Insights into the binding and covalent inhibition mechanism of PF-07321332 to SARS-CoV-2 Mpro† † Electronic supplementary information (ESI) available: Includes a movie describing a representative binding process, the minimum distance between the non-hydrogen atoms of PF-07321332 and the non-hydrogen atoms of the catalytic dyad, the minimum distance dSγ–CN between the nitrile group of PF-07321332 and the sulfur atom of the Cys145 residue, the binding pathway of PF-07321332 to SARS-CoV-2 Mpro over the trajectories 0 and 20, the optimization starting from the ion pair Cys145−–His41H+, the optimized transition state for the hydrolysis of Int-3, and energy and Cartesian coordinates. See DOI: 10.1039/d1ra08752e

ABSTRACT

The severe acute respiratory syndrome coronavirus 2 (SARS-CoV-2) has been causing the COVID-19 pandemic, resulting in several million deaths being reported. Numerous investigations have been carried out to discover a compound that can inhibit the biological activity of the SARS-CoV-2 main protease, which is an enzyme related to the viral replication. Among these, PF-07321332 (Nirmatrelvir) is currently under clinical trials for COVID-19 therapy. Therefore, in this work, atomistic and electronic simulations were performed to unravel the binding and covalent inhibition mechanism of the compound to Mpro. Initially, 5 μs of steered-molecular dynamics simulations were carried out to evaluate the ligand-binding process to SARS-CoV-2 Mpro.
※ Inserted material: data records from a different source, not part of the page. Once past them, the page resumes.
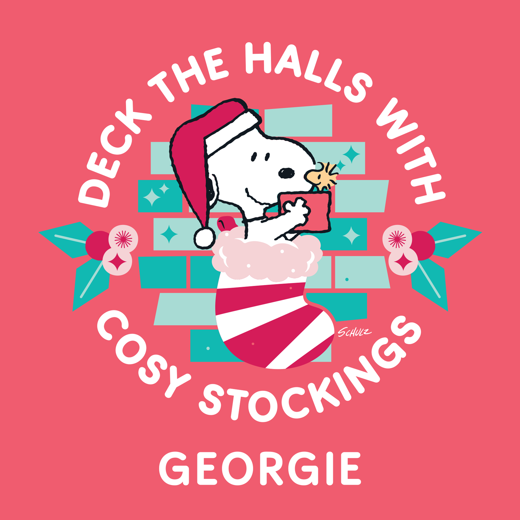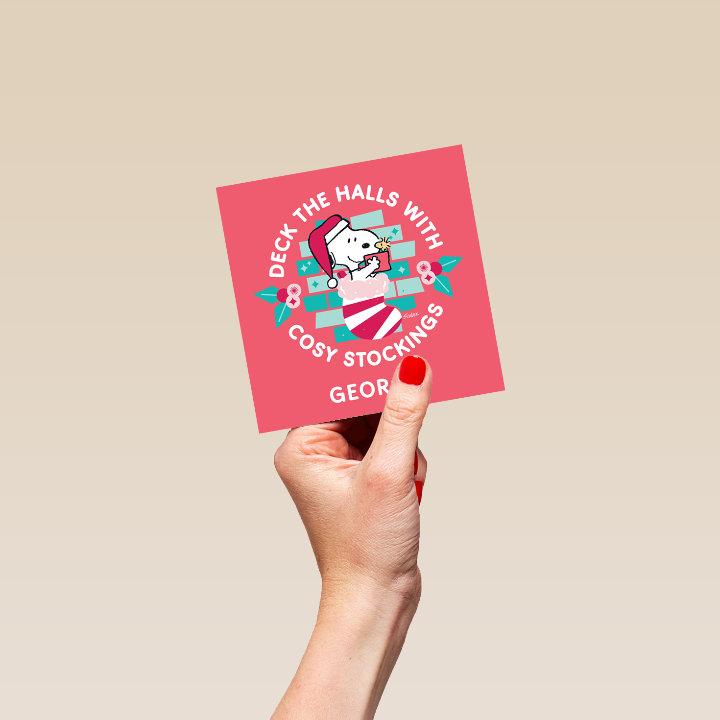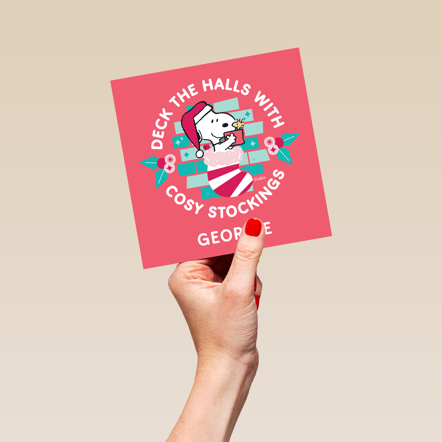 Printed on premium-quality board, this card features SNOOPY and WOODSTOCK in a Christmas stocking, with the message 'Deck the halls with cosy stockings', space to personalise a name, and comes complete with a co-ordinating white envelope.
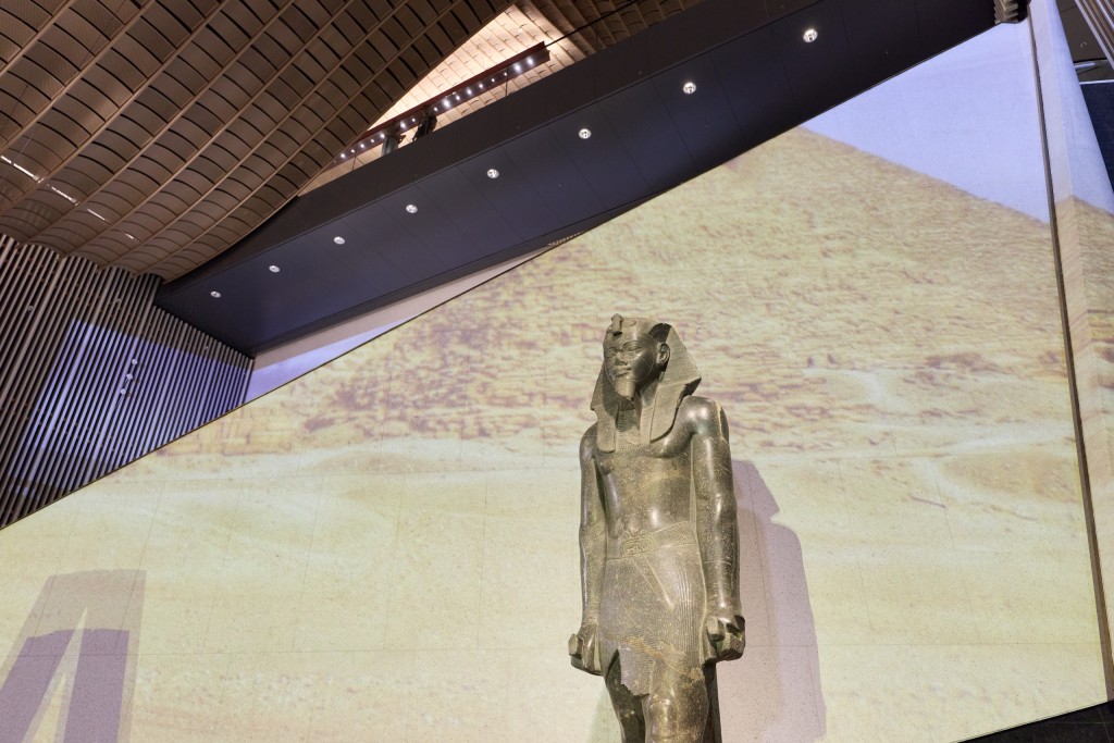 The towering 2.4-meter, 1,700-kilogram striding statue of Pharaoh Merenptah from the 19th Dynasty now stands on the ground floor.
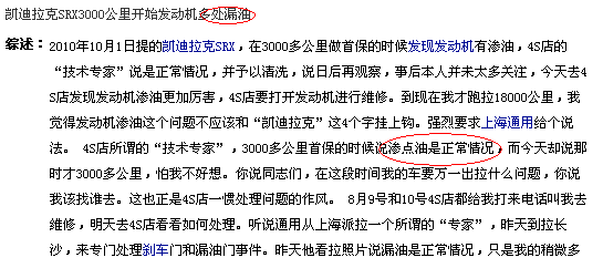 鏈接>>>凱迪拉克SRX3000公里開始發(fā)動機多處漏油

The successfully generated bound state between the two molecules showed the important role of the PF-07321332 pyrrolidinyl group and the residues Glu166 and Gln189 in the ligand-binding process. Moreover, from the MD-refined structure, quantum mechanics/molecular mechanics (QM/MM) calculations were carried out to unravel the reaction mechanism for the formation of the thioimidate product from SARS-CoV-2 Mpro and the PF-07321332 inhibitor. We found that the catalytic triad Cys145–His41–Asp187 of SARS-CoV-2 Mpro plays an important role in the activation of the PF-07321332 covalent inhibitor, which renders the deprotonation of Cys145 and, thus, facilitates further reaction. Our results are definitely beneficial for a better understanding of the inhibition mechanism and designing new effective inhibitors for SARS-CoV-2 Mpro. The catalytic triad Cys145–His41–Asp187 of SARS-CoV-2 Mpro plays an important role in the activation of the PF-07321332 covalent inhibitor.